摘要：键在条纹投影轮廓（FPP）精确的三维形状的测量是测量系统的正确校准。当前校准技术依赖于相位坐标映射（PCM）或背投影立体视觉（SV）的方法。 PCM方法是麻烦的实施，因为它们需要相对FPP系统校准目标的精确定位，但产生的校准体积内高度精确的测量。 SV方法一般不会达到同样的精度水平。然而，校准是在校准目标可以任意地定位更加灵活。在这项工作中，我们提出了利用使用PCM方法来实现更高的精度SV校准方法的混合校准方法。该方法具有的SV方法的灵活性，是稳健的透镜畸变，并具有恢复的相位和所述度量坐标之间的简单关系。实验结果表明，所提出的混合方法优于在精度和重建时间上的SV方法由于其较低的计算复杂度。

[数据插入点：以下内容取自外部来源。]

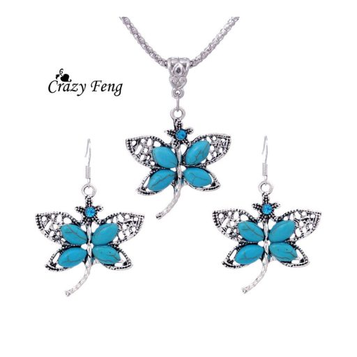 Antikolt, Ezüstözött, Fülbevaló, Nyaklánc, Pillangó, Szett, Szív, Türkiz
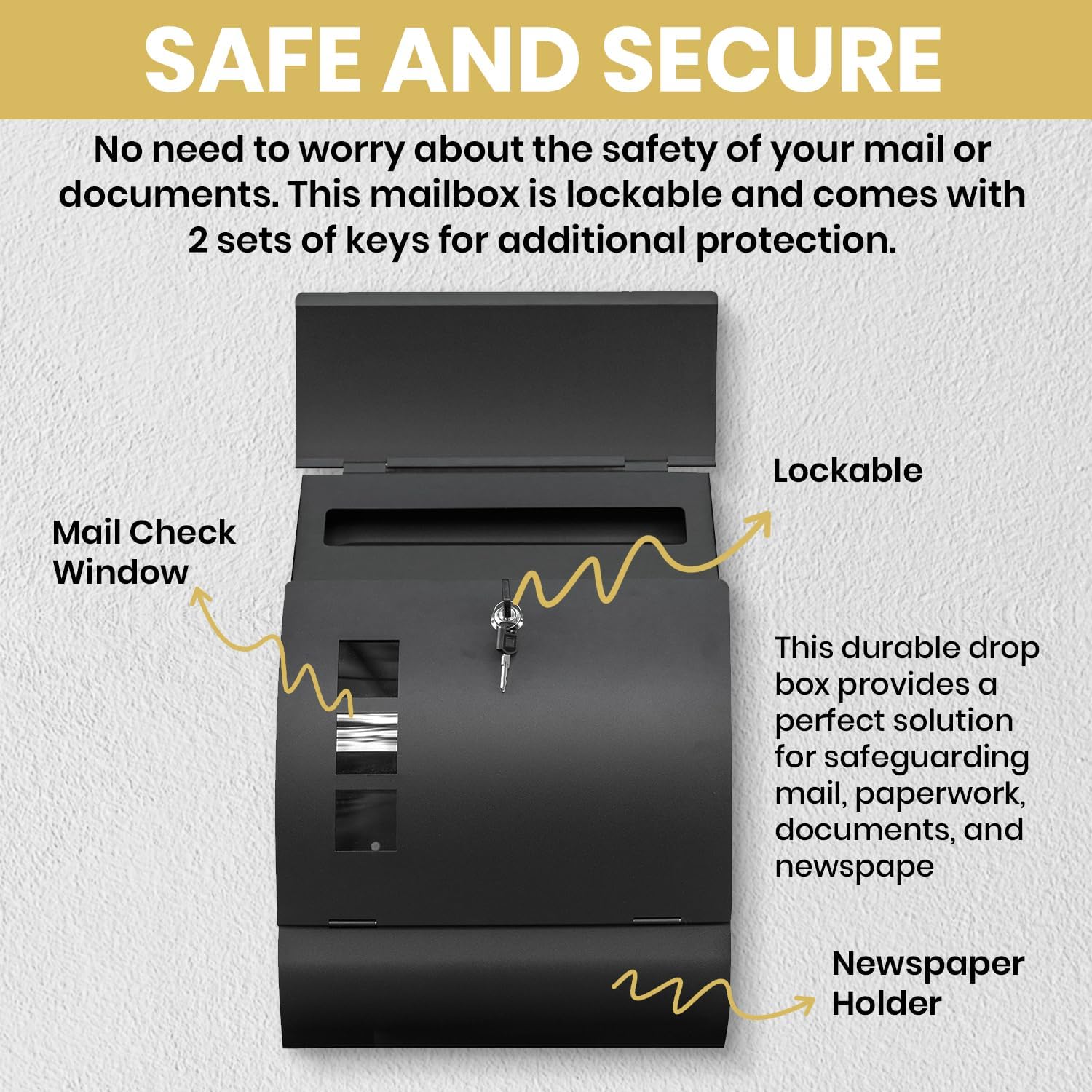 - Convenient and Versatile: This spacious mailbox provides a secure solution for safeguarding not only mail but also paperwork, documents, and newspapers, keeping your important items organized and protected.
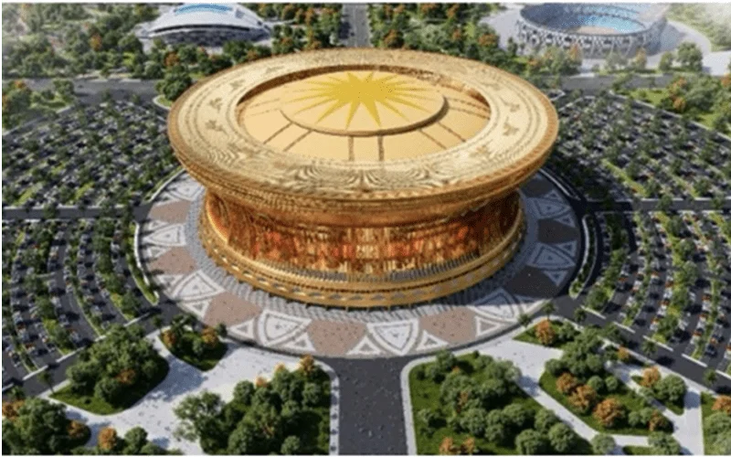 Sân Trống Đồng gợi lại bóng dáng sân hoa sen Evergrande – một giấc mơ khổng lồ đã sụp đổ.
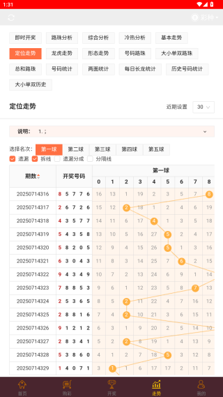 6、选择定位走势,能够也是能够看到对应的连线分析,第一球、第二球、第三球、第四球、第五球等等。
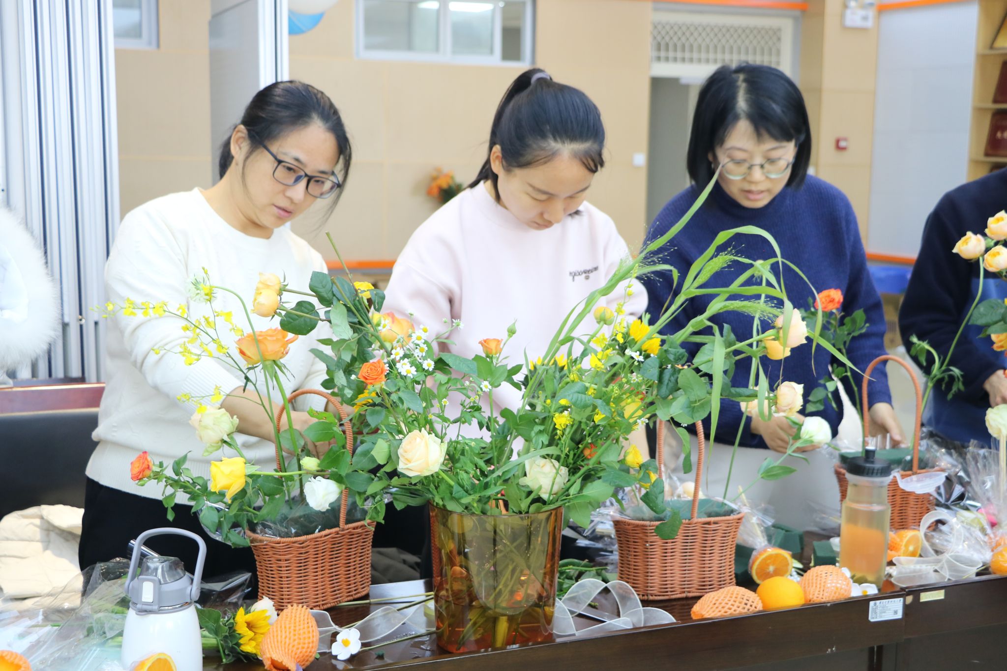 活动现场花香四溢,玫瑰、洋桔梗、向日葵、康乃馨、雪柳等各色花材与精美花器整齐摆放,温馨雅致的氛围扑面而来。崔璐结合冬季花卉的特点,从花材选择、色彩搭配、构图技巧等方面进行了详细讲解。她通过生动的演示,现场演示了修剪花枝、固定花材、层次搭配的技巧,深入浅出的讲解让老师们迅速掌握插花的基本要领。
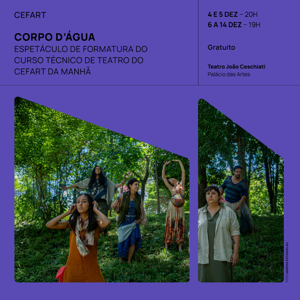 Professores da Escola de Teatro: Ana Hadad, Arthur Barbosa, Heverton Ferreira, Luiz Carlos Garrocho, Marcos Vinícius dos Santos, Maria Cordélia Galasso, Paulo Maffei, Polyana Lott, Rainy Campos, Renata Paz e Rogério Araújo.
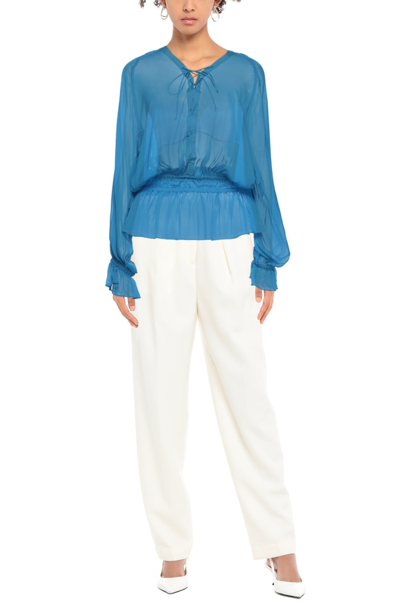 Blouse en soie à manches longues avec liens à nouer.
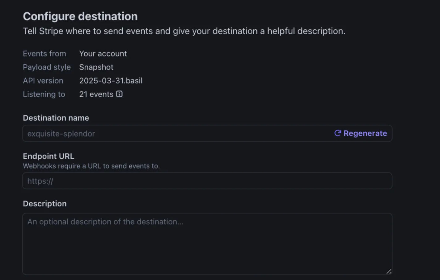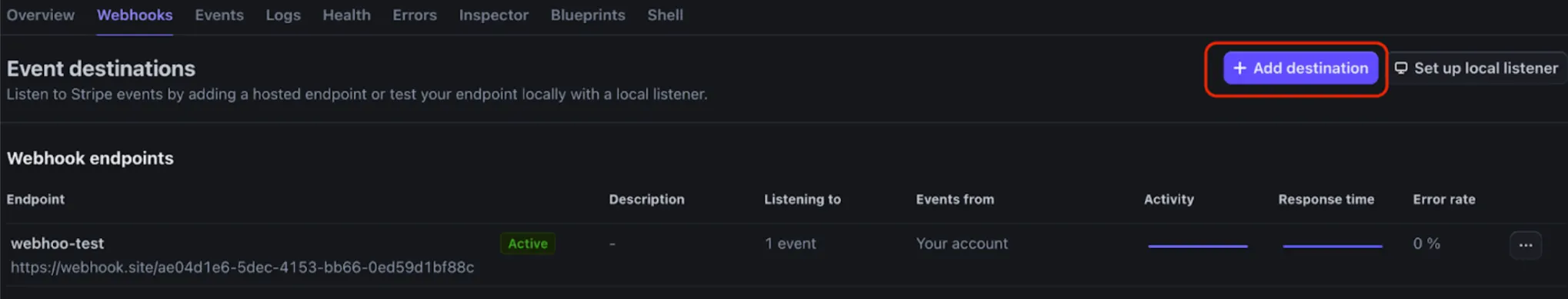 - Obtain your webhook secret key from the same page once the endpoint is added.
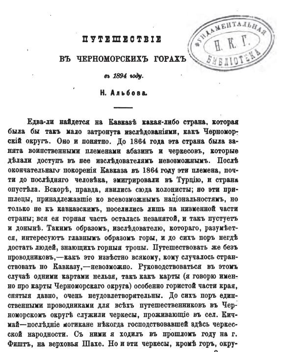 Случайно обнаружил на просторах сети очень интересную подборку старых (дореволюционных) книг о Кавказе, в том числе и о районе нынешнего Сочи.
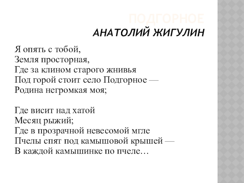 Подгорное Анатолий ЖигулинЯ опять с тобой, Земля просторная, Где за клином старого жнивья Под горой стоит село
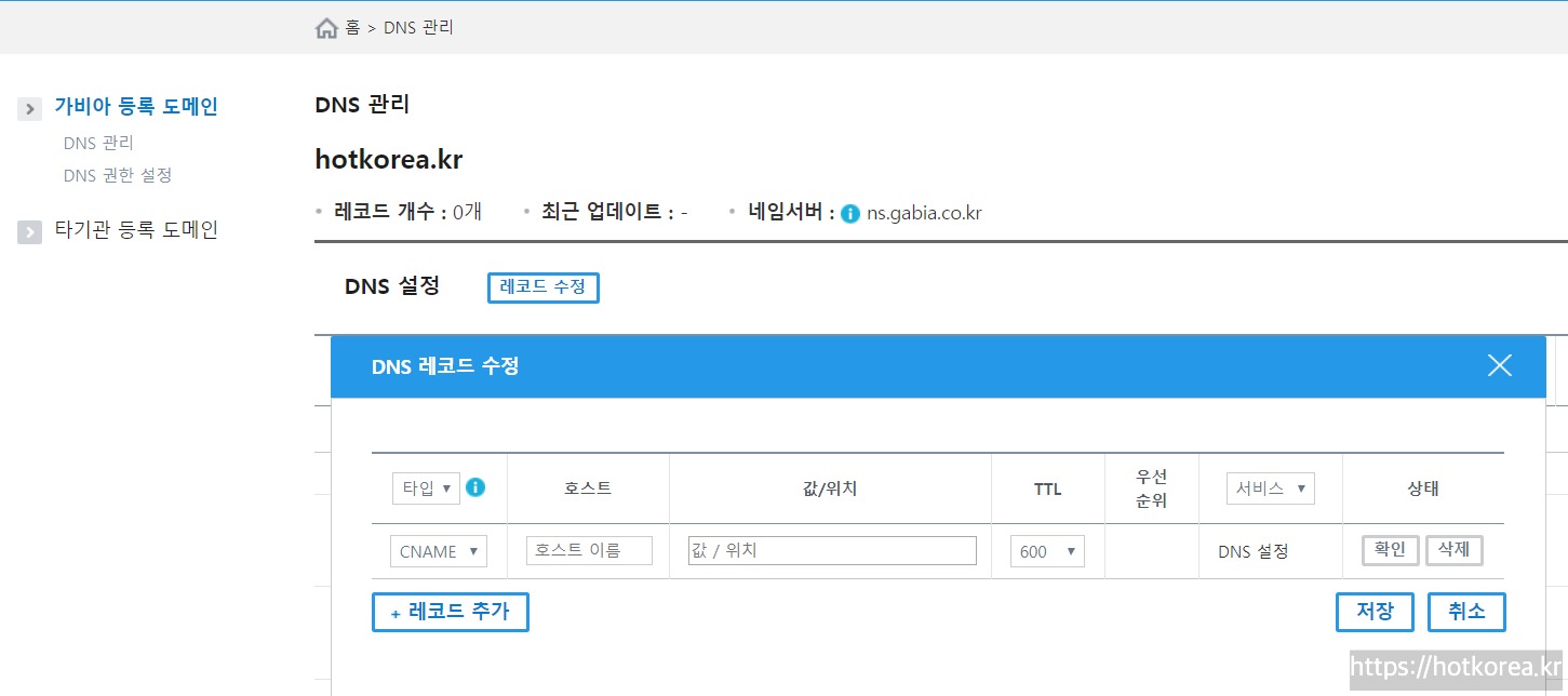 도메인호스팅 홈페이지를 접속합니다.(저는 가비아를 사용하고 있습니다.)

85. Learned Spectral Computed Tomography [PDF] 返回目录
Dimitris Kamilis, Mario Blatter, Nick Polydorides
Abstract: Spectral Photon-Counting Computed Tomography (SPCCT) is a promising technology that has shown a number of advantages over conventional X-ray Computed Tomography (CT) in the form of material separation, artefact removal and enhanced image quality. However, due to the increased complexity and non-linearity of the SPCCT governing equations, model-based reconstruction algorithms typically require handcrafted regularisation terms and meticulous tuning of hyperparameters making them impractical to calibrate in variable conditions. Additionally, they typically incur high computational costs and in cases of limited-angle data, their imaging capability deteriorates significantly. Recently, Deep Learning has proven to provide state-of-the-art reconstruction performance in medical imaging applications while circumventing most of these challenges. Inspired by these advances, we propose a Deep Learning imaging method for SPCCT that exploits the expressive power of Neural Networks while also incorporating model knowledge. The method takes the form of a two-step learned primal-dual algorithm that is trained using case-specific data. The proposed approach is characterised by fast reconstruction capability and high imaging performance, even in limited-data cases, while avoiding the hand-tuning that is required by other optimisation approaches. We demonstrate the performance of the method in terms of reconstructed images and quality metrics via numerical examples inspired by the application of cardiovascular imaging.
摘要：光谱光子计数计算机断层扫描（SPCCT）是有前途的技术是，在材料分离，人工制品去除和增强的图像质量的形式已显示出许多优于常规的X射线计算机断层扫描（CT）的优点。然而，由于增加的复杂性和控制方程的SPCCT的非线性，基于模型的重建算法通常需要手工使其不切实际的校准在可变条件下正则项和超参数的细致调整。此外，它们通常招致高的计算成本和有限的角度数据的情况下，其成像能力显著劣化。近日，深学习证明，它们在医疗成像应用提供先进设备，最先进的重建效率，同时避开大部分的这些挑战。通过这些进步的启发，我们提出了一个SPCCT深度学习成像方法，它利用神经网络的表达能力同时也纳入模型的知识。该方法采用了两步的形式得知正在使用的情况下，特定的数据训练原始对偶算法。所提出的方法的特征在于快速重建能力和高成像性能，即使在有限的数据的情况下，同时避免由其他优化方法所需要的手动调整。我们证明了该方法在重构图像和质量度量方面经由由心血管成像的应用启发数值例子的性能。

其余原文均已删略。